More detailed data on LLT use are provided in Supplementary Table S1.

Survey Results

The survey was returned by 24 (75%) recipients. Two participants contacted the EstBB to decline to participate in the survey, one because of a bad personal experience with statin-related side effects and another for unknown reasons.

The respondents’ assessment of the feedback received was overwhelmingly positive. On average, they agreed that “it was the right decision” to attend the feedback visit (4.96/5), that they “wished to have been informed earlier about the genetic finding and the potential health risks” (4.29/5), and that they would “make the same choice if [they] had to do it over again” (5/5; Figure 3). The respondents largely agreed that the knowledge of their genetic finding did not cause them distress (“I am able to cope with having this genetic finding in my family,” 4.92/5). Average scores for the negative statements “I regret my choice” and “the choice did me a lot of harm” were 1.17/5 and 1.04/5, respectively. The respondents did not definitively agree or disagree with statements about access to healthcare and the improvement of their treatment and/or condition.

FIGURE 3.

FIGURE 3

Mean values for answers given to the first portion of the RbG feedback survey where the participants were asked to rate their agreement with the following statements (n = 24). The answers were converted to numeric values according to the scale: “agree”-5, “slightly agree”-4, “unsure”-3, “slightly disagree”-2. “disagree”-1. Mean values above three signify agreement with the specific statement.
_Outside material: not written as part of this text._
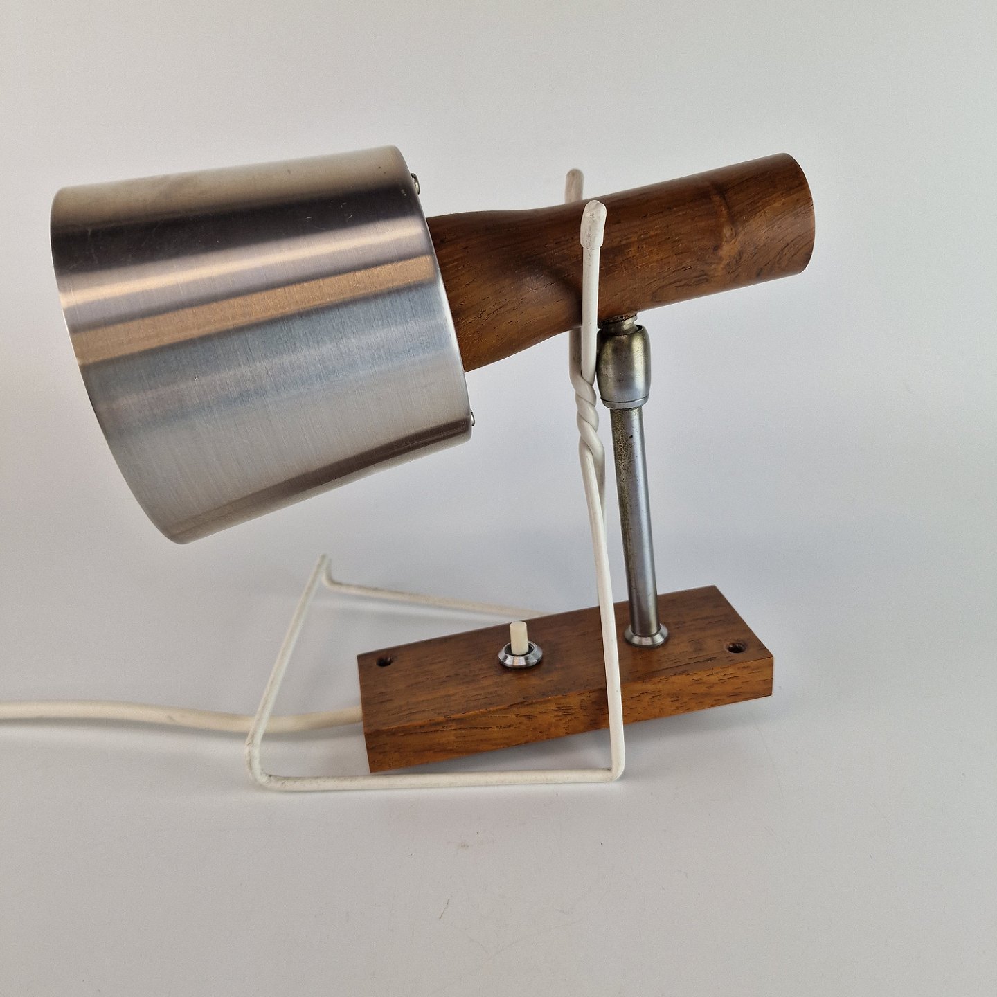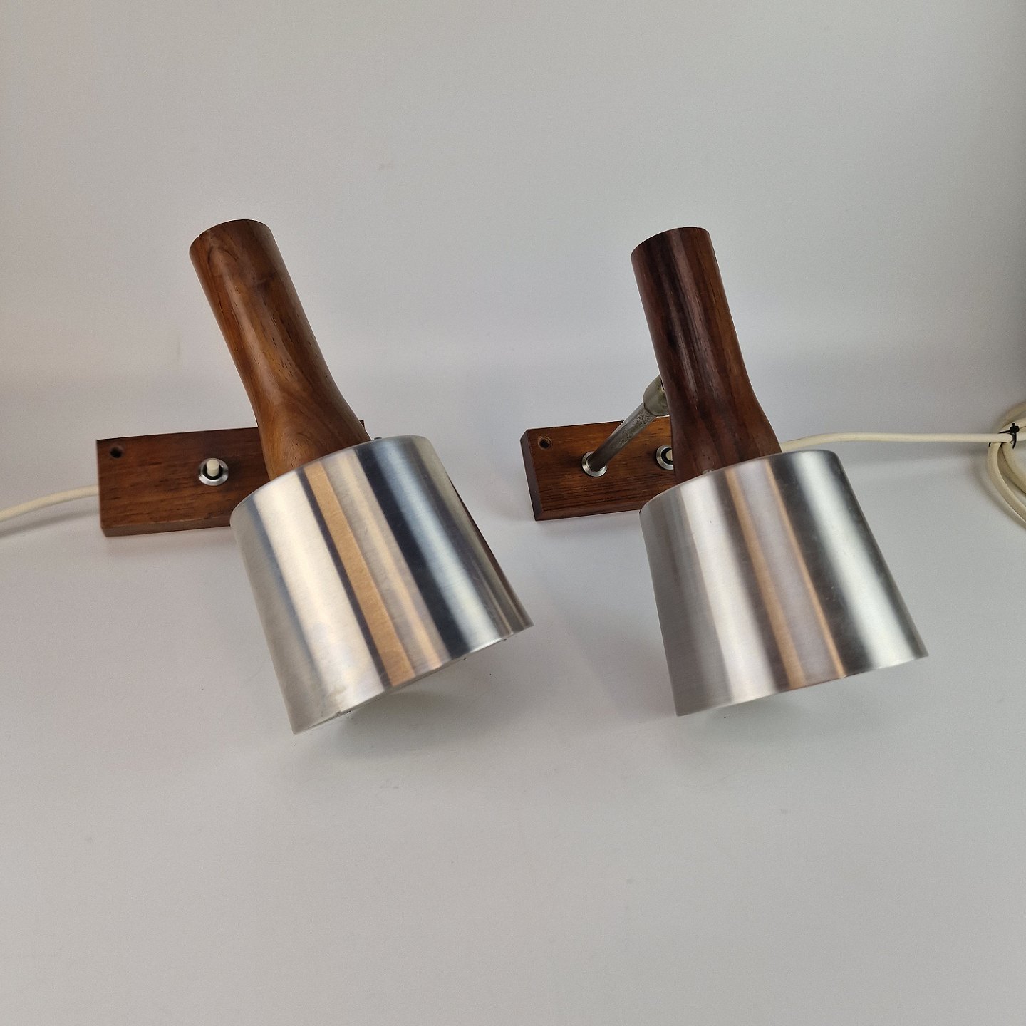 To væglamper med holder af palisander og skærm af aluminium. Kontakten er en trykknap. Prisen er for 2 styk

Regarding aspects of the healthcare system in respect to their genetic findings, the respondents rated the consistency of follow-up the lowest (3.71/5), followed by access to healthcare (3.96/5). Access to medication was rated the highest (4.38/5), followed by the clarity of recommendations (4.13/5; Figure 4).

FIGURE 4.

FIGURE 4

Overview of the assessment of the current state of the healthcare system by recalled participants (n = 24). The answers are presented as mean values of provided answers converted to numeric values: “very good”-5, “good”-4, “unsure”-3, “satisfactory”-2, “unsatisfactory”-1. Mean values above three signify satisfaction with the specific healthcare aspect.

Regarding potential complications related to FH, the majority of participants indicated only that high cholesterol levels had been detected after their feedback visits (Figure 5). Most respondents reported that no other potential complication (e.g., myocardial infarction, stroke, arrhythmia, chest pain after strenuous exercise, vertigo, balance problems, or cardiovascular disease) had occurred.

FIGURE 5.

FIGURE 5

Feedback on health issues potentially related to hypercholesterolemia as reported by recalled participants (n = 24).

Most (92%) participants responded “yes” or “yes, partly” to the question about whether they were following the treatment plans developed with their doctors; 4% responded “yes, but not in the last 6 months” and another 4% reported that they were not following their treatment plans (Figure 6). Nearly two thirds (63%) of respondents reported that they had made at least some changes in their diet after receiving genetic feedback (“likely agree”, 50%; “agree”, 13%). “Disagree,” “likely disagree,” and “unsure” responses to this question made up 21%, 4%, and 8% of the total, respectively. Four percent of the respondents did not answer this question (Figure 7). Responses to questions about changes in participants’ smoking habits and physical activity levels, and with whom they had shared information about their carrier status, are summarized in Supplementary Figures S2–S4.

FIGURE 6.

FIGURE 6

Recalled participants’ self-reported assessment of their adherence to the treatment plan proposed by their doctor (n = 24).

FIGURE 7.

FIGURE 7

Overview of the feedback to question “How have you changed your habits after receiving information on the genetic variant you carry?” in regard to changes in diet.

Discussion

In this follow-up study, we investigated the impact of the RbG study approach, examining participants’ assessments several years after their genetic findings had been disclosed to them and comparing their characteristics with those of an unrecalled group with similar genetic profiles. Overall, general phenotypic characteristics (i.e., height, weight, body mass index, age, and sex) were comparable in the recalled and non-recalled groups, indicating that the major general confounding factors had little impact on the study results and that the greatest effect on outcomes stemmed from participants’ knowledge of their carrier status.

Similar to the findings reported by Alver et al. (2018), the FH-associated variants identified most frequently in the follow-up cohort were p.Arg3527Gln (rs5742904) in the APOB gene and p.Cys329Tyr (rs761954844) in the LDLR gene. A possible explanation for the high proportion of APOB variants in our cohort could be that rare LDLR variants may be technically underrepresented in our genotyped and imputed dataset. To our knowledge, the Alver et al. (2018) study is the only available published overview of FH genetic variants in the Estonian population. No comprehensive overview of the FH-associated genetic variants in Estonian clinical cases has been published.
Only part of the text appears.